Литмир - Электронная Библиотека
A
A

Всюду белые кубы деревенских домишек; погоняет криками ослика раскричавшийся бербер; куча из веток серебится на ослике; бербер — оливковый.

Николай Аполлонович не слушает звуков «там-там»’а; и не видит он бербера; видит то, что стоит перед ним: Аполлон Аполлонович — лысенький, маленький, старенький, — сидя в качалке, качалку качает мановением головы и движеньем ноги; это движение — помнится…

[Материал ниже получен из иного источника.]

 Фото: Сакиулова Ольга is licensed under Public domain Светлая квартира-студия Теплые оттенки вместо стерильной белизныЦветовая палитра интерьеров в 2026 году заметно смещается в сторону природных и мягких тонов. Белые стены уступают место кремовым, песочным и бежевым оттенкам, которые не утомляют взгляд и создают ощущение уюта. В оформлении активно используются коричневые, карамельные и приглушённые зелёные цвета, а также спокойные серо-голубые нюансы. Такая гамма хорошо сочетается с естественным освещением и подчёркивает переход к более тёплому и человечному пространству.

Издали розовеет миндаль; тот гребенчатый верх— ярко лилово-янтарный; этот верх — Захуан, а тот мыс — карфагенский. Николай Аполлонович у араба снял домик в береговой, подтунисской деревне.

. . . . . . . . . . . . . . . . . . . .

Под тяжестью снеговых, сверкающих шапок перегнулись еловые ветки: косматые и зеленые; впереди деревянное пятиколонное здание; через перила терассы сугробы перекинулись холмами; на них розовый отблеск от февральской зари.

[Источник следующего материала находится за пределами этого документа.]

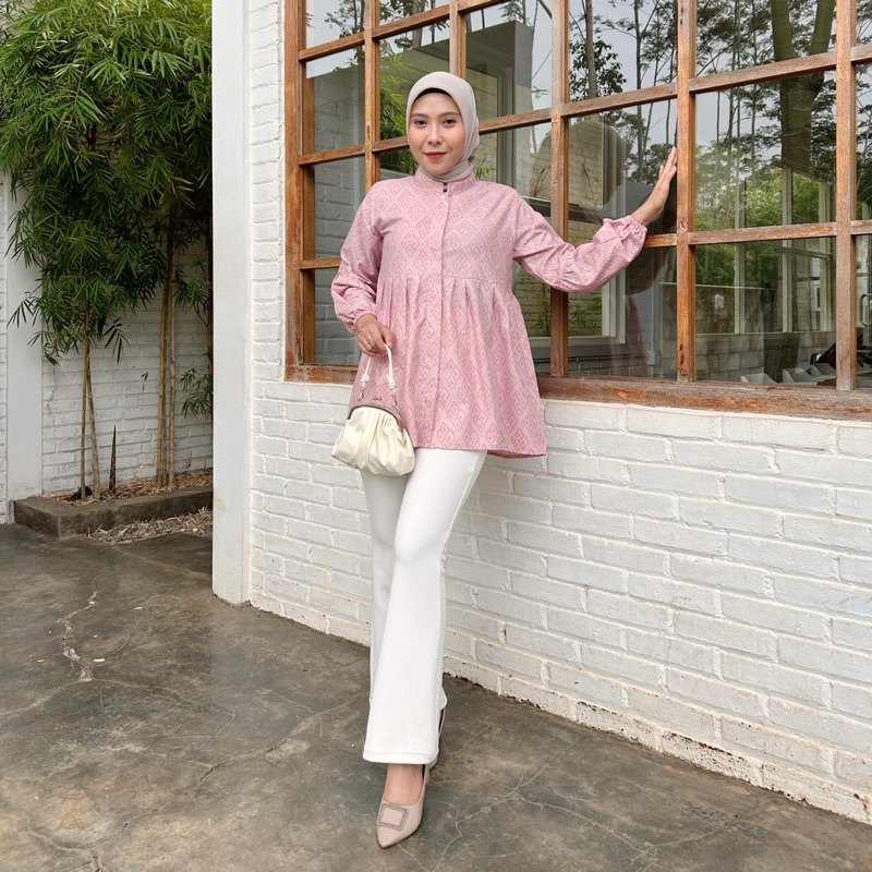 Blouse Batik Kerja Safira Warna Pink Lengan Panjang

Сутуловатая показалась фигурка — в теплых валенках, варежках, опираясь на палку; приподнят меховой воротник; меховая шапка надвинута на уши; пробирается по расчищенной тропке; ее ведут под руки; у ведущей фигуры в руках теплый плед.

На Аполлоне Аполлоновиче в деревне появились очки; запотевали они на морозе и не видно было сквозь них ни лесной гребенчатой дали, ни дымка деревенек, ни — галки: видны тени и тени; между них — лунный блеск косяков да квадратики паркетного пола; Николай Аполлонович — нежный, внимательный, чуткий, — наклонив низко голову, переступает: из тени — в кружево фонарного света; переступает: из светлого этого кружева — в тень.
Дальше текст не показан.